**Your task:** Reproduce, exactly and in full, the lines from the one with "На занятии с" through the one with "<B>CHINESE CARVED JADE/HARDSTONE" in the data below; drop pictures.

**The data:**
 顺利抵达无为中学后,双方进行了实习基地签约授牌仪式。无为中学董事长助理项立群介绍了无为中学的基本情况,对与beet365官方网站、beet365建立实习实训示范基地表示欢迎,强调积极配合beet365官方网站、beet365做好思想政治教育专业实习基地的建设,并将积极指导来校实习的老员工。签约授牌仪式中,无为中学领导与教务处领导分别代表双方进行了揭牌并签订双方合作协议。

* * *

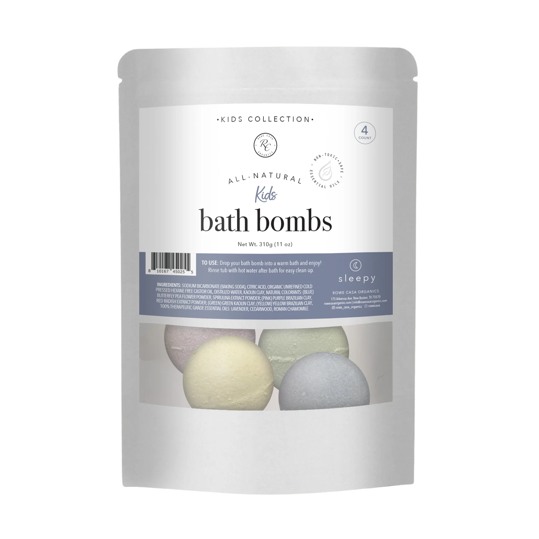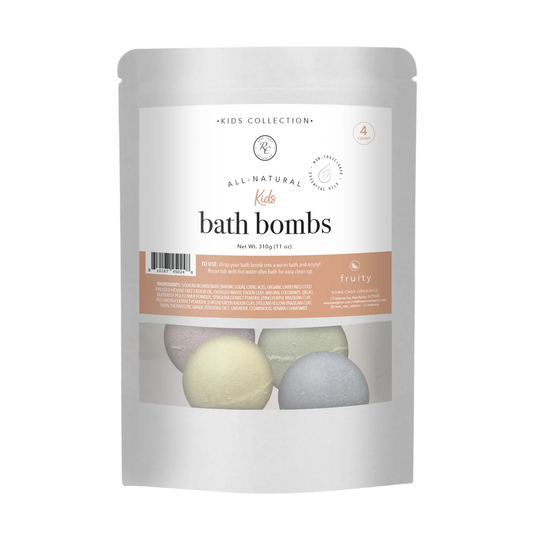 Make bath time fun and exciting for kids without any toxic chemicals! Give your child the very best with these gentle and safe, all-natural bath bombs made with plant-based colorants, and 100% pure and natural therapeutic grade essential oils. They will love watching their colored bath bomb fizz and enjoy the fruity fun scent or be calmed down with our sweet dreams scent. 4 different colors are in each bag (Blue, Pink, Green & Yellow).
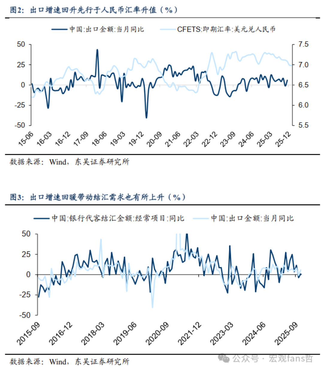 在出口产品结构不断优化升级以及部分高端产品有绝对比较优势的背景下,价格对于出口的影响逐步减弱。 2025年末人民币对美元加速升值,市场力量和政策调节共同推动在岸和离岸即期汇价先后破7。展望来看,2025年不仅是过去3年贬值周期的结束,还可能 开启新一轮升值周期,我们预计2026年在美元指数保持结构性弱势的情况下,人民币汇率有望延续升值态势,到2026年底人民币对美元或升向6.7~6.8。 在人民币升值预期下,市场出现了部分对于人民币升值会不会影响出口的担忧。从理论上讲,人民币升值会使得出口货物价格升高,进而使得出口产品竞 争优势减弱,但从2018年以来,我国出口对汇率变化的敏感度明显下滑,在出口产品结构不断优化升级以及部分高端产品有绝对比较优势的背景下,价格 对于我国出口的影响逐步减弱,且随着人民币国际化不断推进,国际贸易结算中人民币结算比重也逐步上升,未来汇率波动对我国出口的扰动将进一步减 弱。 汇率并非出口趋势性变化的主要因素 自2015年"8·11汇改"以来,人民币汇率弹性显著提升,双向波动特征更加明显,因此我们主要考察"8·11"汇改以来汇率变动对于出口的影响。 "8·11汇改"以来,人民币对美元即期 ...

==

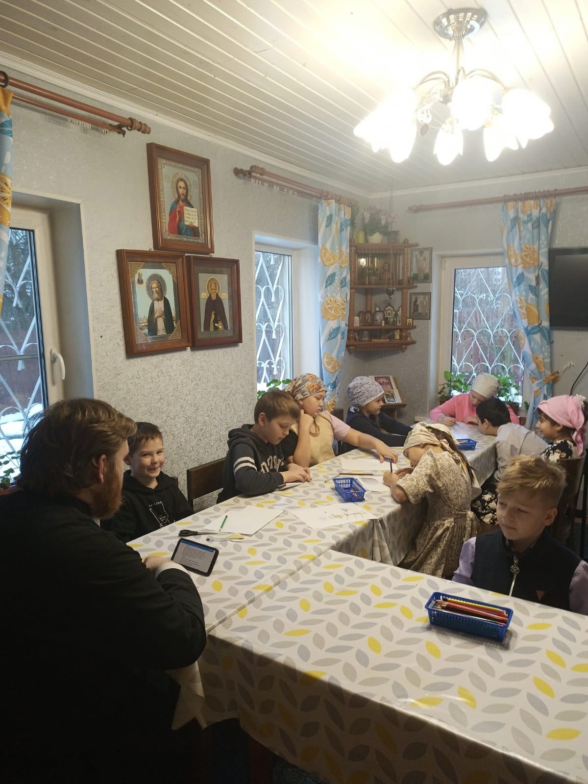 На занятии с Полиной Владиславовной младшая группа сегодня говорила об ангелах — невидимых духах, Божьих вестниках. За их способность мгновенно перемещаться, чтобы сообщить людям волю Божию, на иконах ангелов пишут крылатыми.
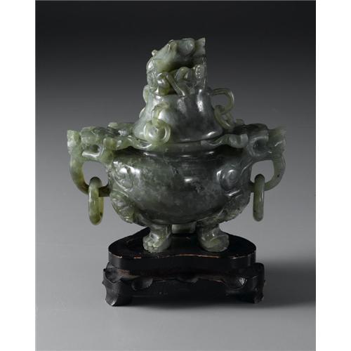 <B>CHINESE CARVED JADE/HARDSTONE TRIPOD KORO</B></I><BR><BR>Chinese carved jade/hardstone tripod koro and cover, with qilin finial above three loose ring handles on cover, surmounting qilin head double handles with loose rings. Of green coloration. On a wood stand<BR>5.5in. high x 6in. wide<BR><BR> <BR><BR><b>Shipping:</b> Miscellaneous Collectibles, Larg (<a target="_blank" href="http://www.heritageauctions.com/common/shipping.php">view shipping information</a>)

**Solution to this problem:**
 На занятии с Полиной Владиславовной младшая группа сегодня говорила об ангелах — невидимых духах, Божьих вестниках. За их способность мгновенно перемещаться, чтобы сообщить людям волю Божию, на иконах ангелов пишут крылатыми.
 <B>CHINESE CARVED JADE/HARDSTONE TRIPOD KORO</B></I><BR><BR>Chinese carved jade/hardstone tripod koro and cover, with qilin finial above three loose ring handles on cover, surmounting qilin head double handles with loose rings. Of green coloration. On a wood stand<BR>5.5in. high x 6in. wide<BR><BR> <BR><BR><b>Shipping:</b> Miscellaneous Collectibles, Larg (<a target="_blank" href="http://www.heritageauctions.com/common/shipping.php">view shipping information</a>)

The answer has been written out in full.